### WHAT YOU WILL DO
In the copy, every line of the material that follows must appear exactly, and no pictures should.
-- SUPPLIED INFORMATION follows --
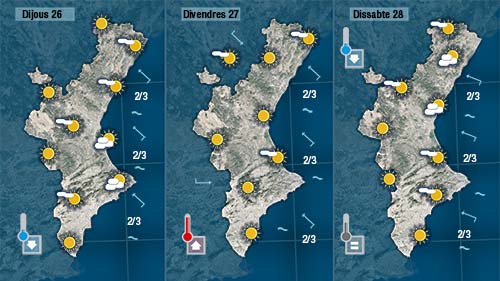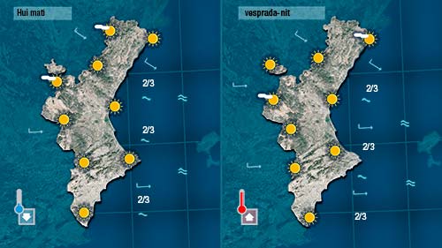 A primera hora pot ser fa la sensació que anem a tindre un dia fresc, típic de tardor, però el ponent que a primera hora encara arriba relativament fresc no tardarà en calfar-se de forma progressiva i imparable fins deixar-nos un dia de ple estiu amb màximes que s’acostaran o superaran els 30 graus a la major part d’observatoris i no quedaran lluny dels 35 al centre i a la costa de les rodalies del golf de València.
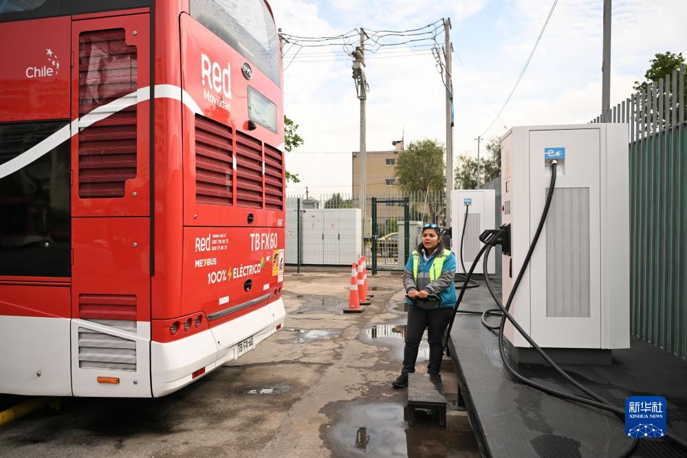 11月2日,在智利首都圣地亞哥,520路新能源公交車司機寶拉站在一座快充站旁。
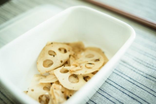 ①将藕根洗净切片,不要切太薄而失去了脆感;将小鱼干用剪刀剪成碎屑。
-- SUPPLIED INFORMATION concluded --
### RESPONSE AREA
 A primera hora pot ser fa la sensació que anem a tindre un dia fresc, típic de tardor, però el ponent que a primera hora encara arriba relativament fresc no tardarà en calfar-se de forma progressiva i imparable fins deixar-nos un dia de ple estiu amb màximes que s’acostaran o superaran els 30 graus a la major part d’observatoris i no quedaran lluny dels 35 al centre i a la costa de les rodalies del golf de València.
 11月2日,在智利首都圣地亞哥,520路新能源公交車司機寶拉站在一座快充站旁。
 ①将藕根洗净切片,不要切太薄而失去了脆感;将小鱼干用剪刀剪成碎屑。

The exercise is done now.